No rants on who makes the most secure whatever, but this is good to see and hopefully other distro makers will follow Red Hat’s lead. The way its done with SE is just flat out better than the way most linux distros operate now. Minority distro specializing in security obviously excluded. It would be nice to see the SE Linux methods become standard across all Linux distros. Lindows users will undoubtably continue to run as root 24×7.
btw if you not familiar with this whole SE thing from the article:
“According to the NSA Web site on SE Linux, the SE Linux kernel solves this problem because it has “no concept of a ‘root’ superuser and does not share the well-known shortcomings of the traditional Linux security mechanisms.”
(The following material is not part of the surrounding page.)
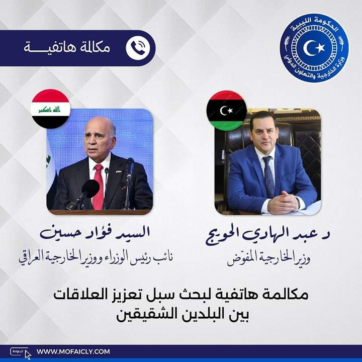 في إطار تعزير العلاقات العربية جرئ اتصال هاتفي بين الدكتور عبدالهادي الحويج وزير الخارجية بالحكومة الليبية المفوض الدكتور فؤاد حسين نائب رئيس مجلس الوزارء ووزير الخارجية بجمهورية العراق الشقيق تم خلاله بحت العلاقات الثنائية وتعزيز أطر التعاون بين البلدين الشقيقين في كافة المجالات المختلفة.

Instead, SE Linux enforces mandatory access control policies that confine user programs and system servers to the minimum amount of privilege they require to do their jobs, according to the NSA. When confined in this way, the ability of user programs and system daemons to cause harm when compromised is reduced or eliminated.”
The article says there’s no root account because a user/app is confined to specific areas of the system. But someone has to have write-access to the security policies, and wouldn’t that be root access?
Is in the 2.6 kernel as standard. You can enjoy it right now…with some additional tools, or noone has to follow redhat’s lead, because since it can be tunrned on/off from the 2.6 kernel, any distro can use it. No offence (redhat/fedora is the distro I use besides slackware), but redhat’s security track record is bad. Mostly because of bad defaults and the medium being to integrated. On the other hand with a distro like slackware one can customize the system, even easier replace daemons and stuff. Not that you couldn’t do that in redhat, but 1) its more complicated and 2) your support nill’s out.
Hi
There is a sysadmin role that would be similar to the traditional root user stuff but the enhacement is that overall access control is segregated to particular domains.
ex) bind would have access only its configuration files. so if bind is exploited only the dns configuration can be affected and rest of the system would stay safe.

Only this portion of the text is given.